# [SPOILER] The 100 S06 : What do you think they'll look like?



## Noctosphere (Aug 21, 2018)

So, at the very end of season 5 of The 100, our heroes discovered a new planet
Apparently, Jason Rothenberg already confirmed that there will be alien in next season
This thread is about what you imagine they'll look like.
This thread can also derail and become a pure "Discussion thread" about The 100 S06

Personally, I think there will be 2 groups of "grounders" on this planet
The first are humans like the main characters. They would be descendant of Eligius III mission crew. Apparently, Eligius III crew received Nightblood treatment to be able to live on a two-sun planet

The second group of grounders will be real aliens...
About those one, I have absolutely no idea of what they'll look like
However, i'm pretty sure we all have a fertile imagination and think of what they'll look like
Personally, I imagine them as "blue-skinned" human with cold blood
Seriously, cold blooded human on a two-sun planet would fit perfectly,l don't you think?
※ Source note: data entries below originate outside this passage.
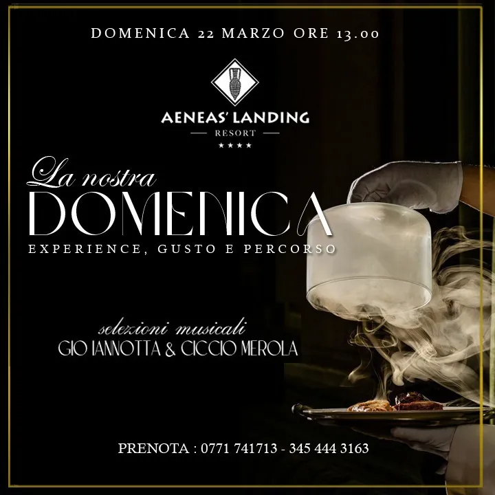 Vivi la “Nostra Domenica” all’Aeneas’ Landing Resort: un’esperienza all’insegna del gusto. Ad accompagnare l’evento ci saranno le selezioni musicali di Gio Iannotta & Ciccio Merola. Info e prenotazioni: 0771 741713 – 345 444 3163.
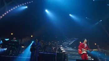 ステージには、喉頭癌の治療専念のために約半年間休養するパーカッションの林“VOH”紀勝の等身大パネルを設置。過去のライブデータから林の声や演奏音源を集めバンド演奏と同期させるスタイルを採用し、随所で林の映像も映し出される演出に、メンバーやツアースタッフの「思い」が伝わった。
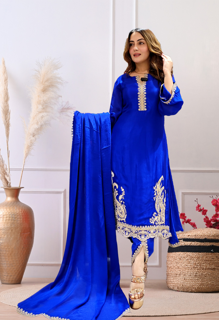 A vibrant kurta set adorned with delicate golden embroidery on the neckline, hemline and pakistani sleeves, paired with tulip pants and beautiful dupatta with work
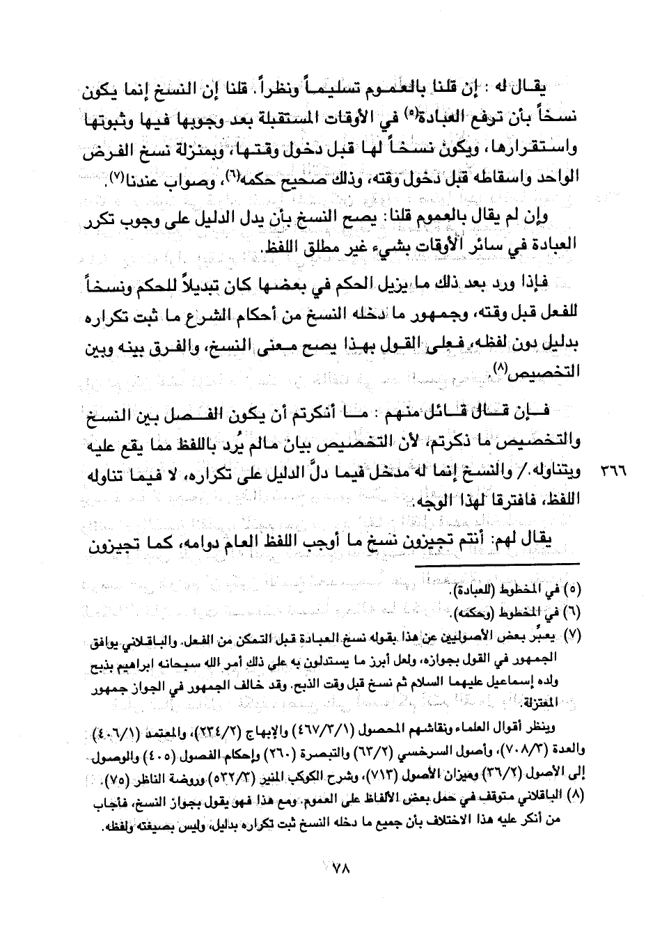 فإذا ورد بعد ذلك ما يزيل الحكم في بعضها كان تبديلاً للحكم ونسخًا للفعل قبل وقته, وجمهور ما دخله النسخ من أحكام الشرع ما ثبت تكراره بدليل دون لفظه, فعلى القول بهذا يصح معنى النسخ, والفرق بينه وبين التخصيص.
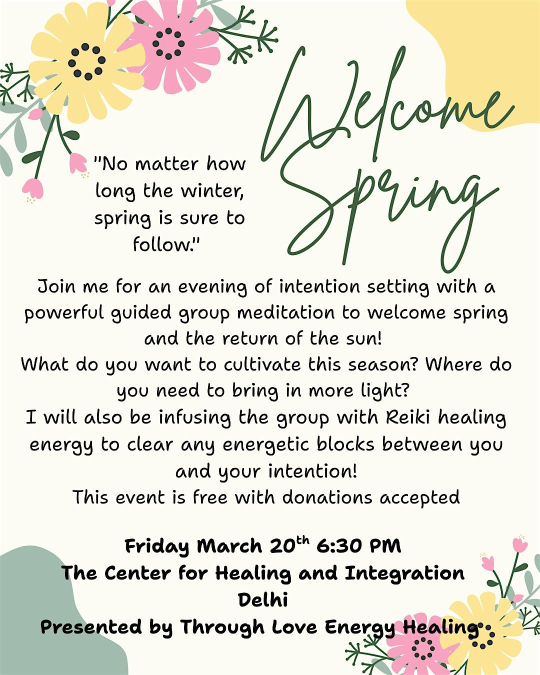 Join me for an evening of intention setting and a powerful group meditation to welcome in spring! We will begin right about sunset, the midpoint of the midpoint, with a meditation designed to help you set fresh intentions for the beginning of the season of growth and renewal! I will also bring reiki healing energy to clear away anything still clinging to our energy that's ready to be released.
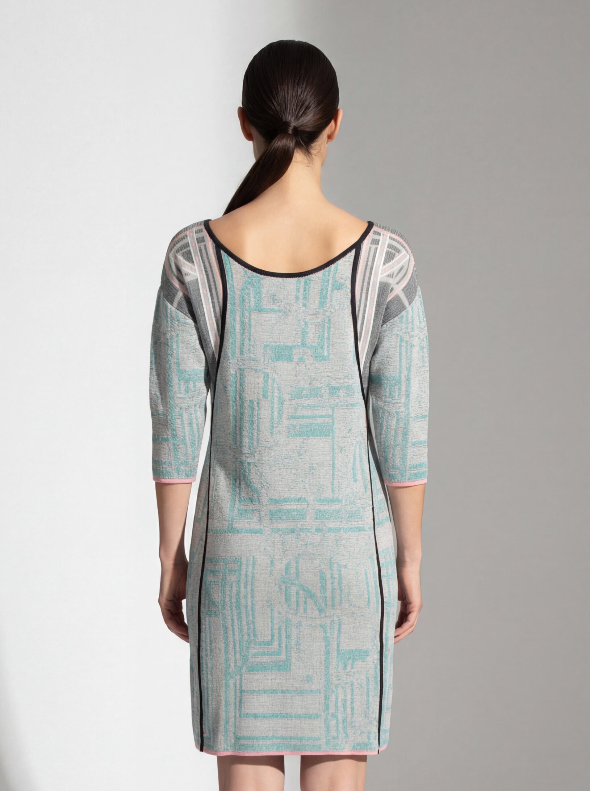 Il design presenta collo tondo, maniche 3/4 e una raffinata combinazione di colori grigio, azzurro e rosa. Un modello ideale per outfit casual chic, perfetto da abbinare a stivaletti o décolleté per un look elegante e contemporaneo.
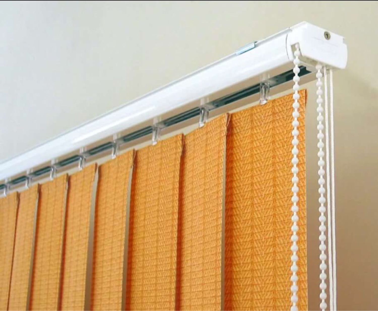 Выбирая вертикальные пластиковые жалюзи лучше смотреть на модели с алюминиевым карнизом.
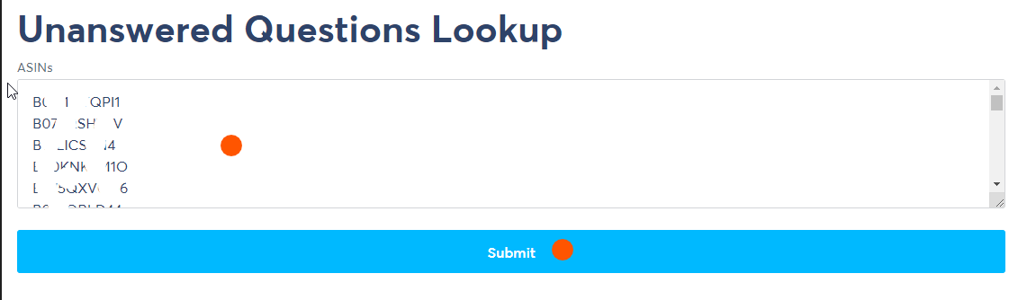 3. Now enter a list of ASINs that you want to check unanswered questions for and hit Submit.
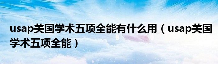 关于usap美国学术五项全能有什么用,usap美国学术五项全能这个很多人还不知道,今天菲菲来为大家解答以上的问题,现在让我们一起来看看吧!
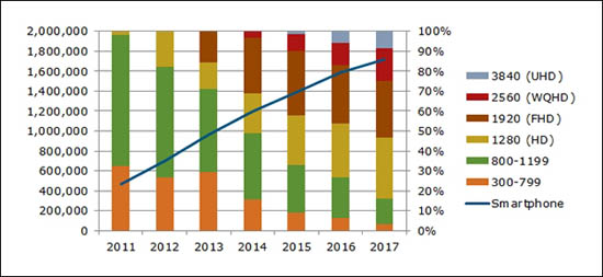 В 2015-м, как ожидается, появятся смартфоны, оснащённые 4K/UHD-экранами с разрешением 2160х3840 пикселей. Поставки таких аппаратов, по прогнозам, в следующем году могут достичь 23 млн штук. На долю смартфонов с 4K-экранами в 2015-м придётся более 5% продаж в Северной Америке и около 5% в Западной Европе. В 2017 году доля таких аппаратов в общей массе продаж приблизится к 10%.
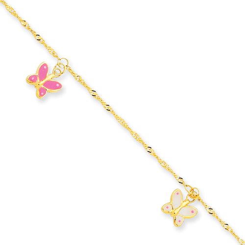 14k Adjustable Enameled Butterfly Anklet14k Yellow goldDiamond-cutEnamelSpring RingAdjustableWeight: 1.45 GMThis product comes with a FREE Gift Box
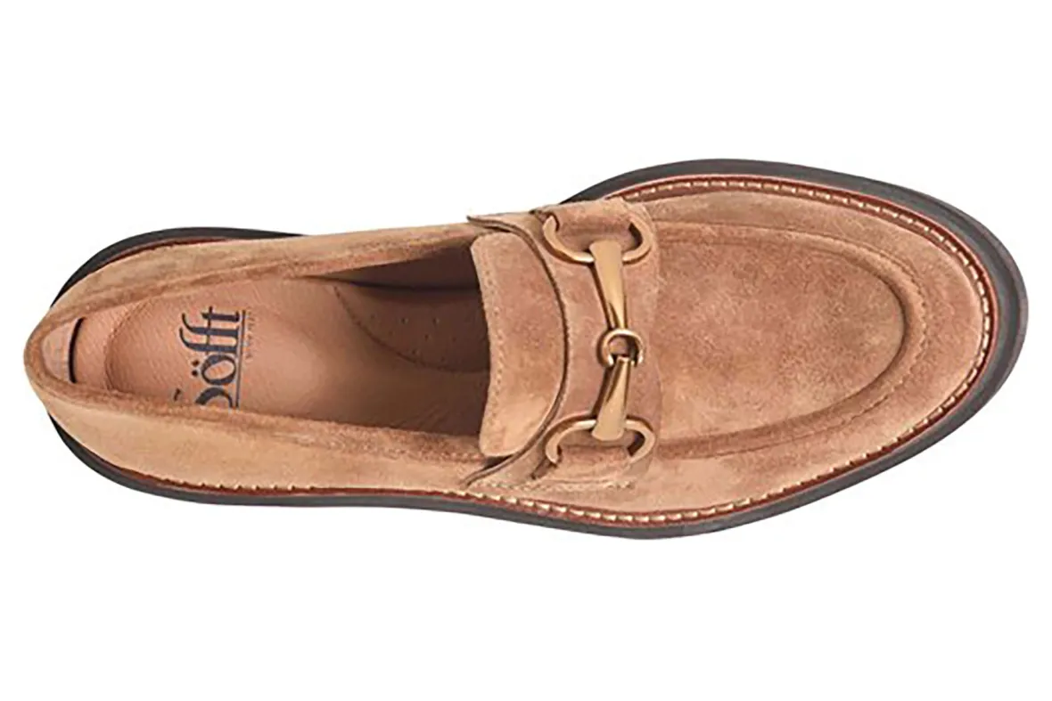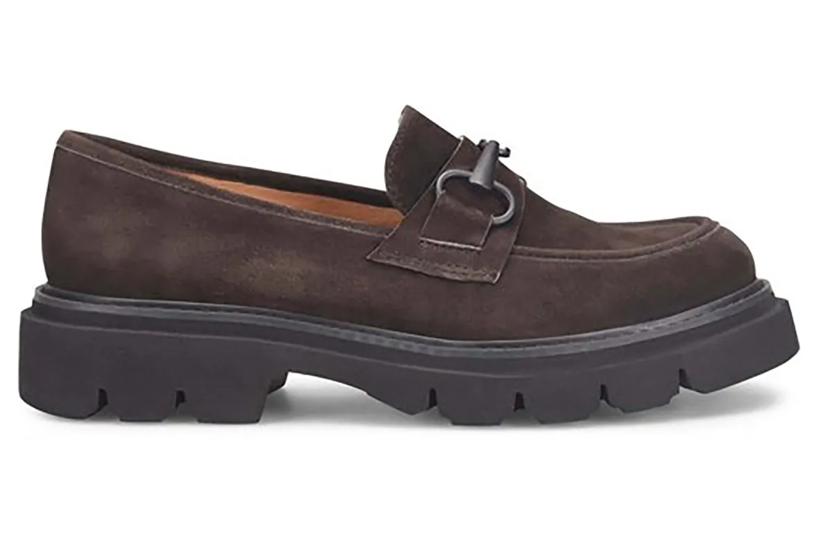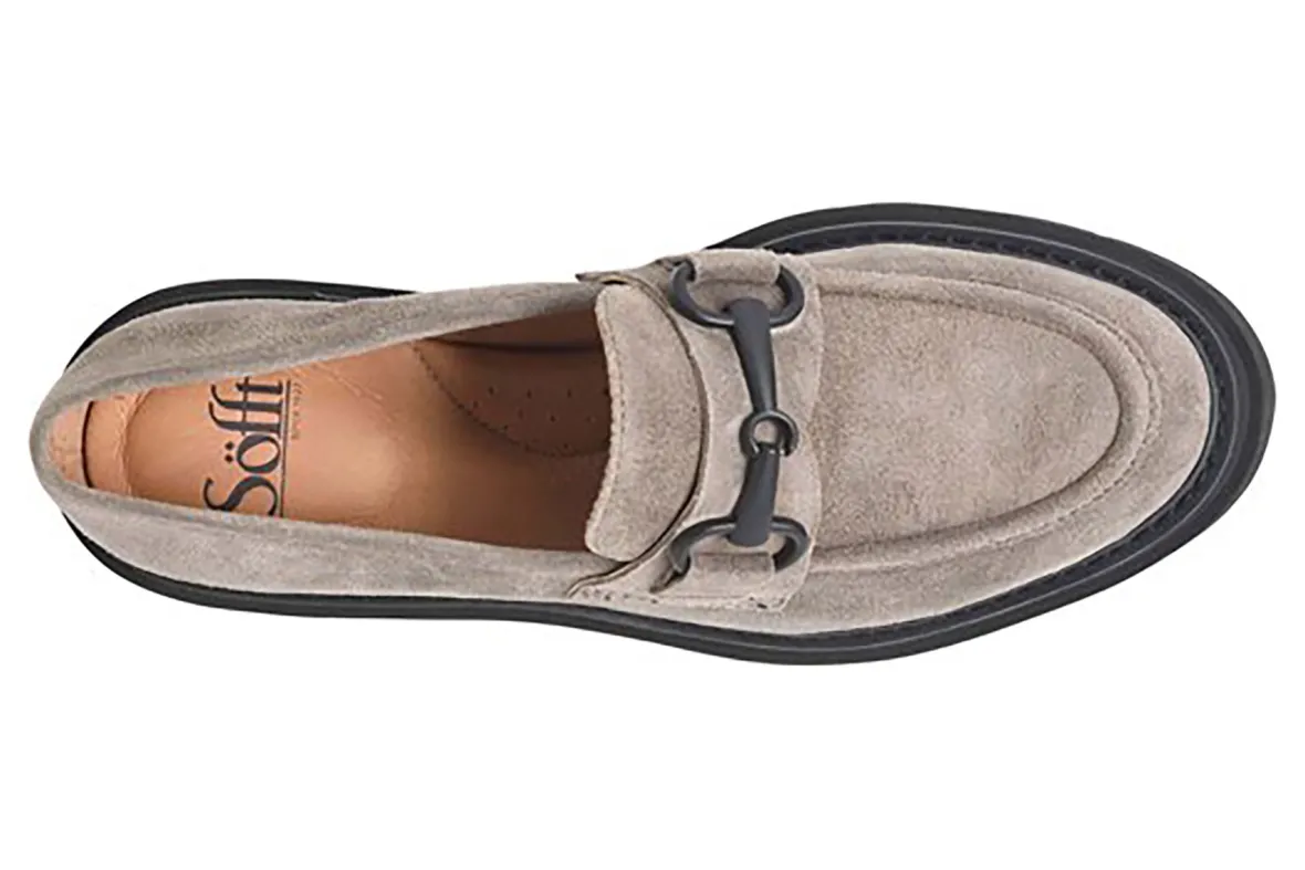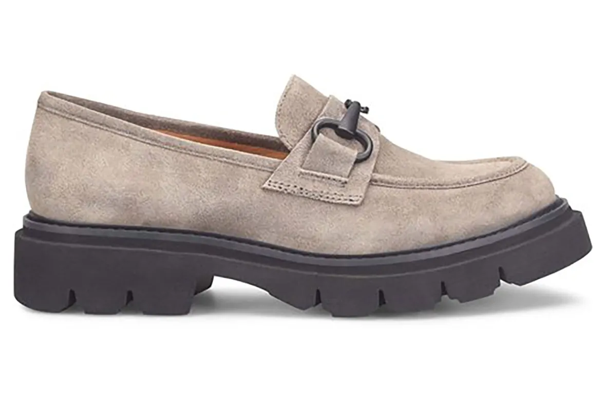 Sofft Satara is a stylish and versatile horsebit loafer. Prominent features include suede uppers, a leather-lined cushioned footbed and a chunky lugged outsole.

Give us your expectation for Season 6


----------



## AmandaRose (Aug 28, 2018)

I have it on good authority that all the aliens will look like someone called Amanda Jane Rose whoever that is lol.


----------



## Noctosphere (Aug 28, 2018)

AmandaRose said:


> I have it on good authority that all the aliens will look like someone called Amanda Jane Rose whoever that is lol.


this isnt eof girl...


----------



## AmandaRose (Aug 28, 2018)

Noctosphere said:


> this isnt eof girl...


I don't care I'm being a rebel tonight screw the rules lol


----------



## Noctosphere (Aug 28, 2018)

AmandaRose said:


> I don't care I'm being a rebel tonight screw the rules lol


The 100 is my favorite tv show...
Don't screw a serious thread about it, please


----------



## Noctosphere (Oct 12, 2018)

Completly forgot to.say it
Confirmed, no alien



Spoiler: spoiler.about s06



but apparently, the planet is inhabited. Probably by Eligius III crew


----------



## Noctosphere (Dec 12, 2018)




----------



## Noctosphere (Jan 11, 2019)

Confirmed to premiere on April 30th
Yay


----------



## Noctosphere (Mar 27, 2019)




----------



## Noctosphere (Mar 29, 2019)




----------



## Noctosphere (Apr 5, 2019)




----------



## morvoran (Apr 5, 2019)

I'm sure that no matter what the aliens look like, Clark will either kill them or be responsible for them being killed.  She has been becoming more and more like the evil character in the show.  Either she's killing somebody or having sex with all the women.


----------



## Noctosphere (Apr 5, 2019)

morvoran said:


> I'm sure that no matter what the aliens look like, Clark will either kill them or be responsible for them being killed.  She has been becoming more and more like the evil character in the show.  Either she's killing somebody or having sex with all the women.


Read comment
Its been confirmed its not really aliens


----------



## morvoran (Apr 5, 2019)

Noctosphere said:


> Read comment
> Its been confirmed its not really aliens


Well, I'm sure she'll find something to kill.


----------



## Noctosphere (Apr 6, 2019)

S06e01 and.s06e02 leaked

I have them on my plex server


----------



## Noctosphere (Apr 7, 2019)

So... after watching the first leaked episode
I can confirm something
Every season, we meet a different kind of technology
Season 1 : Primitive technology
Season 2 : Modern technology
Season 3 : Syfy technology
Season 4 : Survivalist technology
Season 5 : Futuristic technology
Season 6 : Alien technology

Yes, alien... even if they were created by humans
It looks alienish
Heres an exemple of technology i saw in the first episode


Spoiler



A radiation fence. When someone cross in, radiation shock are shot at him
I wont spoil too much, but lets say that Clarke is immune to it


I havent seen much so far, but from ive seen from the opening
It looks like there are stasis shield around a village
Im hyped to see more


----------